This approach works well because spiral traversal naturally maps to shrinking boundaries. The logic is straightforward: write values while the current boundary range is valid and the linked list still has nodes.
Approach 2: Layer-by-Layer Spiral Traversal (O(mn) time, O(1) space)
Instead of triggering direction changes dynamically, treat the spiral as a sequence of layers. Each layer has four segments: top row, right column, bottom row, and left column. Iterate through each segment of the layer and place values from the linked list. After completing a layer, move inward by incrementing top and left, and decrementing bottom and right. Continue until the boundaries cross or the linked list ends.

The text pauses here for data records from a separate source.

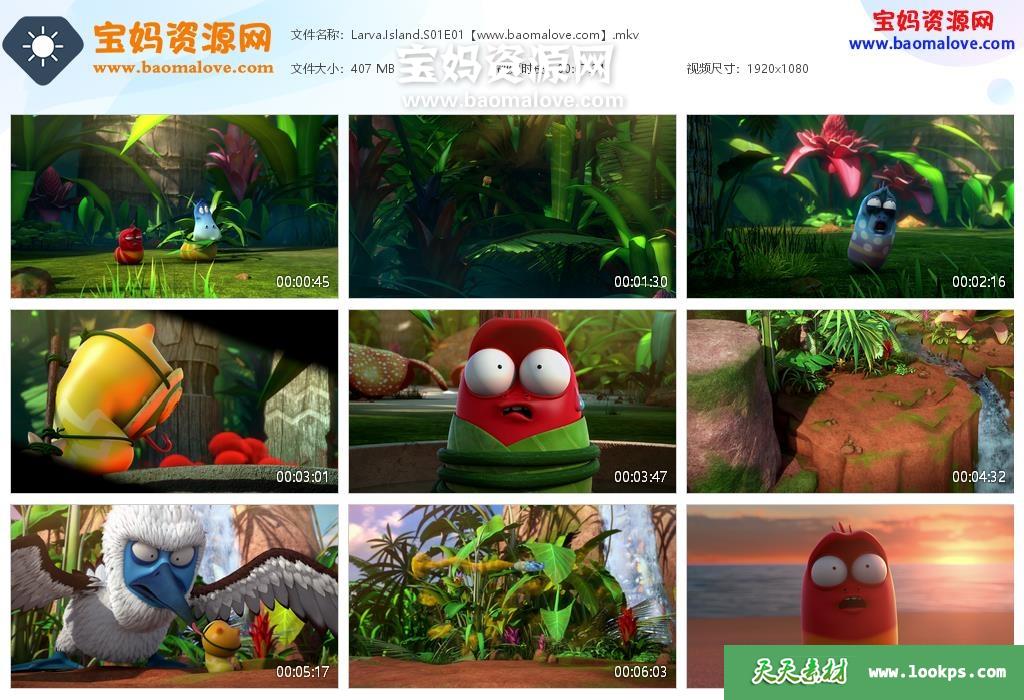 天天资源网收录的动画片《Larva Island》臭屁虫之冒险岛英文版 第一季 全集13集,英语发音,内置英文字幕,可以下载后使用播放器选择字幕或者关闭字幕(字幕的字体大小颜色也可以自己设置);每集大小约360M,总大小4.79G,单集播放时长约23分钟,1080P高清MKV格式,可以在电视机或电脑、平板、IPAD、早教机、手机等各种设备播放,提供百度云网盘下载。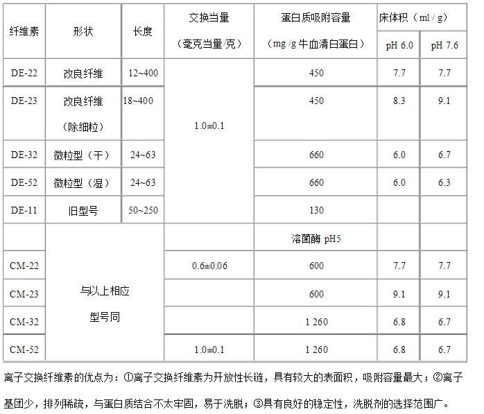 在交換纖維素中,**常用的是DEAE—纖維素和CM纖維素。由于劑型不同,其理化性質和作用也有所差異。一般而言,微粒型要優于纖維素型,因為微粒型是在纖維素型的基礎上進一步提煉而成。它的交換容量大,粒細、比重大,能裝成緊密的層析柱,要求分辨力高的實驗可用此型纖維素(見表1-2)。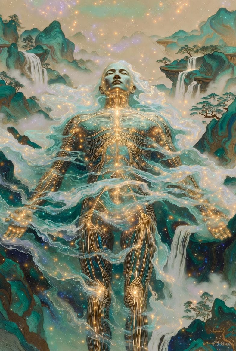 L'acupuncture d'abord — parce qu'elle lui donnait un cadre pour percevoir l'énergie. Puis l'Āyurveda. La médecine tibétaine. Les cristaux — 150 000 séances.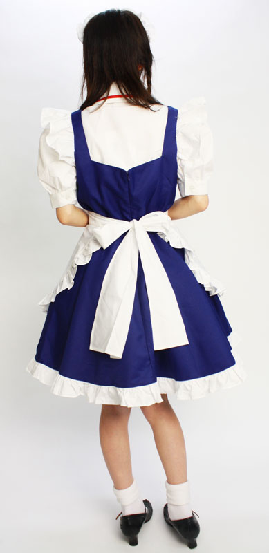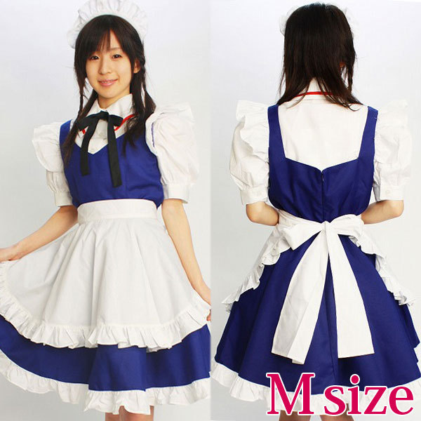 ■仕様:Mサイズ:B〜90cm・W〜74cm・ブラウス着丈57cm(肩幅38〜42cm)・ワンピース着丈82cm・エプロン40cm・リボンタイ30cm セット内容:ブラウス(前ボタン留め)、ワンピース(後ろファスナー、肩にフリル)、エプロン、リボンタイ(長さ調整可)、カチューシャ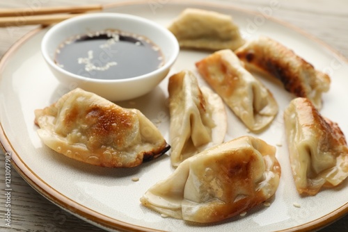 Fried gyoza dumplings with soy sauce on wooden table, closeup

The key idea is that each spiral loop forms a rectangular ring. Processing these rings sequentially keeps the logic structured and predictable. Like the previous method, each matrix cell is written once, giving O(mn) time and constant auxiliary space.
Both strategies rely on simple array indexing and direct simulation. No extra data structures are required besides the input linked list pointer.
Recommended for interviews: Boundary Triggered Spiral Traversal is the version most interviewers expect. It demonstrates control over spiral traversal patterns and careful boundary updates. The layer-by-layer approach shows the same understanding but organizes the logic around rectangular rings, which some developers find easier to reason about.
| Approach | Time | Space | When to Use |
|---|---|---|---|
| Boundary Triggered Spiral Traversal | O(mn) | O(1) | General solution for spiral matrix simulation; easiest to implement during interviews |
| Layer-by-Layer Spiral Traversal | O(mn) | O(1) | When you prefer structured traversal using concentric matrix layers |